Archaeological site in Virginia, United States

The Martin Site (44WY13) is a prehistoric Native American village site in Wythe County, Virginia, United States. It is located on the banks of the New River near the community of Fosters Falls. The site has clear evidence of occupation during the Late Woodland period, and offers evidence of older occupation. Finds at the site include pottery sherds, stone tools, ceramic and shell trade items, and grave sites.

Located on the New River floodplain, the site is protected by extensive alluvial deposits; it was cultivated for many years, but the river deposits are deep enough that the village site was never reached by the plow. Only an accident revealed the site: the resident, William Martin, was developing a campground on the site in May 1970 and encountered human bones while placing a septic tank. Local law enforcement quickly deemed the bones a prehistoric site, and an archaeologist from Richmond arrived within a few days to begin examining the location. Excavation began in July.
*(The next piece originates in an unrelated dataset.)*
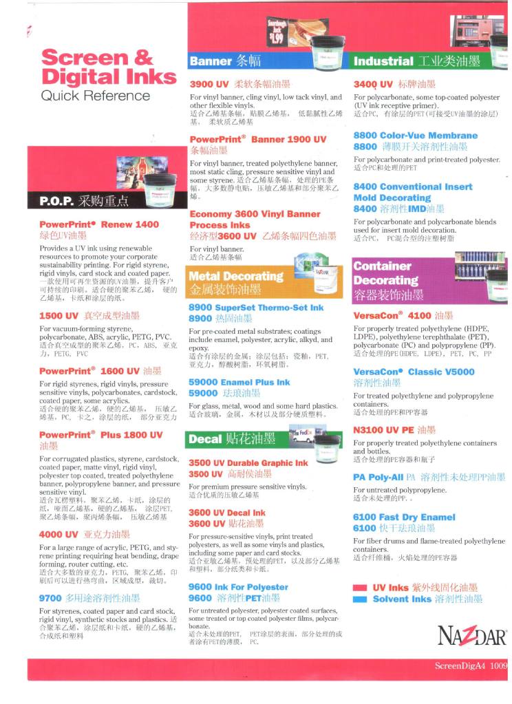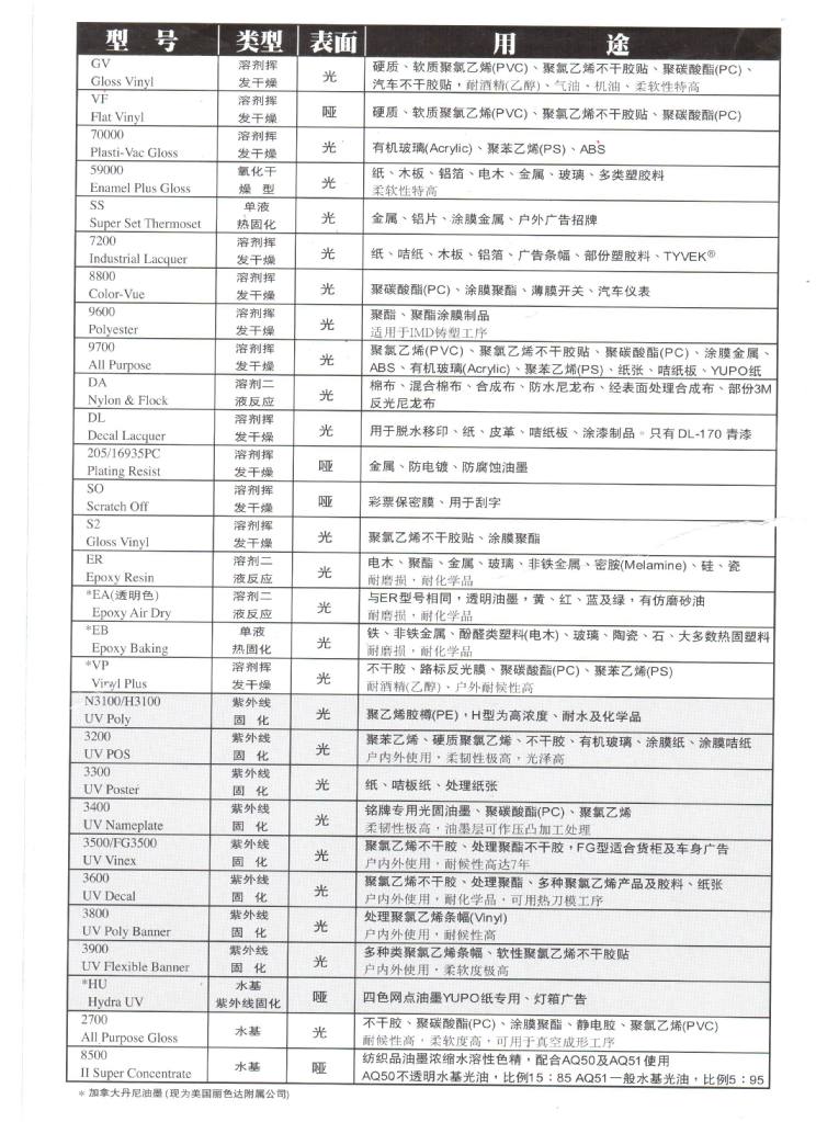 美国丽色达GV系列油墨主要用于户外广告产品PC材料,耐候性好。它有多款透明色和四色油墨。

Large numbers of Late Archaic and Early Woodland projectile points were found at the site, leading the excavators to deem it a long-used village, but it was most densely occupied by the Dan River culture during the Late Woodland period, at which time it comprised a collection of circular houses possibly surrounded by a palisade. Most of the artifacts at the site, including more than sixteen thousand sherds, are attributed to the Dan River occupation, although radiocarbon dating provided a date of 1440 BC for one of the earlier cultures present at the site. As well as the human bones discovered by the owner, non-human bones are also plentiful, with deer being the most common, and typical New River mollusks, including clams, mussels, and Polygyra periwinkles. Because no European-produced trade goods are present at the site, occupation is believed to have ended before 1600. It may be contemporary with the Cornett Site about 6 mi to the west near Austinville.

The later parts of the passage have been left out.